====== PROVIDED MATERIAL ======

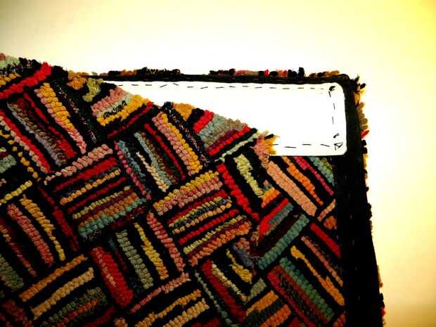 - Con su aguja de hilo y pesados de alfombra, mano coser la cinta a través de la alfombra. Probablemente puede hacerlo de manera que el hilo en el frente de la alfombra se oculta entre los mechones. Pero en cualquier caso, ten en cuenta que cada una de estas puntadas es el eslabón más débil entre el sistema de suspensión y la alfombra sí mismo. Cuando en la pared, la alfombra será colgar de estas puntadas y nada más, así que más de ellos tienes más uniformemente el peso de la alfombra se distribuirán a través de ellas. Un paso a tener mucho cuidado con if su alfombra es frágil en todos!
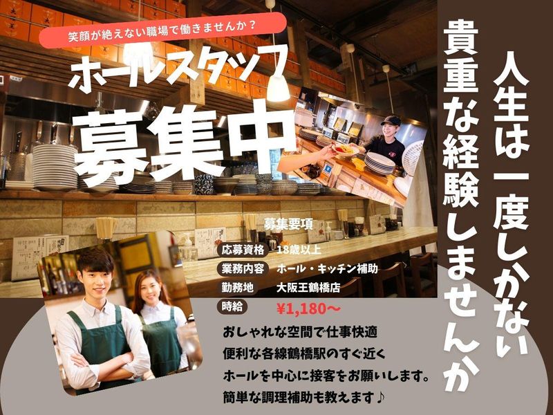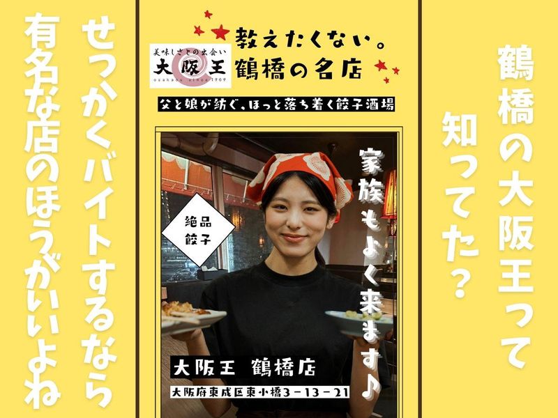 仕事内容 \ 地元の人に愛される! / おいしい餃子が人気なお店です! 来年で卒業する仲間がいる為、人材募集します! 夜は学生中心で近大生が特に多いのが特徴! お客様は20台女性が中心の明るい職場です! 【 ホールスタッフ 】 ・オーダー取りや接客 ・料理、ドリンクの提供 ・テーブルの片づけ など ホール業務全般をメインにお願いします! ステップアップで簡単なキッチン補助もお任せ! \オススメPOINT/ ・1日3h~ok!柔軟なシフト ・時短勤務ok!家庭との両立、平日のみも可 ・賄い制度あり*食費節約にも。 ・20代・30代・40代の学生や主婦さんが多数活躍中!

======
====== PROVIDED MATERIAL ======

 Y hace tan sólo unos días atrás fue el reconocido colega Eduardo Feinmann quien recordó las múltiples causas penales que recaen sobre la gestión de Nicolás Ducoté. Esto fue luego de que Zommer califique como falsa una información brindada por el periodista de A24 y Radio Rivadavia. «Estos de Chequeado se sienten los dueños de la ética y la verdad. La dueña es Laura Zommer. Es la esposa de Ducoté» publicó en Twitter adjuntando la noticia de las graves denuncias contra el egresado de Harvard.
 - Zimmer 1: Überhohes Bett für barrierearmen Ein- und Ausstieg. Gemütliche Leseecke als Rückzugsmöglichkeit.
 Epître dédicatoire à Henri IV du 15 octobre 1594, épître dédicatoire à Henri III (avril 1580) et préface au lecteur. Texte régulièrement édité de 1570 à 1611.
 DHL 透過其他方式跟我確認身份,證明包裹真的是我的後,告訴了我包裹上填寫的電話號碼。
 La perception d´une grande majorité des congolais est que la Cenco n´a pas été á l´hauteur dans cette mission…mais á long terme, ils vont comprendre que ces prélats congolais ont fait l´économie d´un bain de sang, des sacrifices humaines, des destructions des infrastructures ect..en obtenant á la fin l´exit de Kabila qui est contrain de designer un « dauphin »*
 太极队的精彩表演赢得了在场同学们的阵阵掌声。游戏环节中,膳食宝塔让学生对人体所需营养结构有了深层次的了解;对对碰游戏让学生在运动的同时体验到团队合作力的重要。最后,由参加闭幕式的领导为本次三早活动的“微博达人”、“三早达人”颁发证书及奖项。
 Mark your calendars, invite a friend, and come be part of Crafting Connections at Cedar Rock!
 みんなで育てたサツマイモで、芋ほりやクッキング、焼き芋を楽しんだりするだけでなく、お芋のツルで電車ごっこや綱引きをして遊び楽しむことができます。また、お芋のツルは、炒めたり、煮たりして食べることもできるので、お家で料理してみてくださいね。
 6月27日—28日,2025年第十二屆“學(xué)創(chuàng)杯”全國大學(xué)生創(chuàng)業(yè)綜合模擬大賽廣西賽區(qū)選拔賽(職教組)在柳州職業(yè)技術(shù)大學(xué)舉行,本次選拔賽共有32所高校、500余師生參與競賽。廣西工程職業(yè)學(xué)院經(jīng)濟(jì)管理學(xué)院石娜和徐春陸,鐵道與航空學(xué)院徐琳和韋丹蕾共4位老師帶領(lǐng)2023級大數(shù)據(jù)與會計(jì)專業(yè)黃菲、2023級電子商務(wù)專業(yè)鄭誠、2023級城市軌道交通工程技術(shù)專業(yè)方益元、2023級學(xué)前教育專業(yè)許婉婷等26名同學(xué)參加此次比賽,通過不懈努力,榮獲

======

#### WHAT YOU WILL DO
Above are the entries. Output exactly the lines beginning with the line that has "- Zimmer 1: Überhohes" and ending with the line that has "Epître dédicatoire à".

#### EXERCISE OUTPUT
 - Zimmer 1: Überhohes Bett für barrierearmen Ein- und Ausstieg. Gemütliche Leseecke als Rückzugsmöglichkeit.
 Epître dédicatoire à Henri IV du 15 octobre 1594, épître dédicatoire à Henri III (avril 1580) et préface au lecteur. Texte régulièrement édité de 1570 à 1611.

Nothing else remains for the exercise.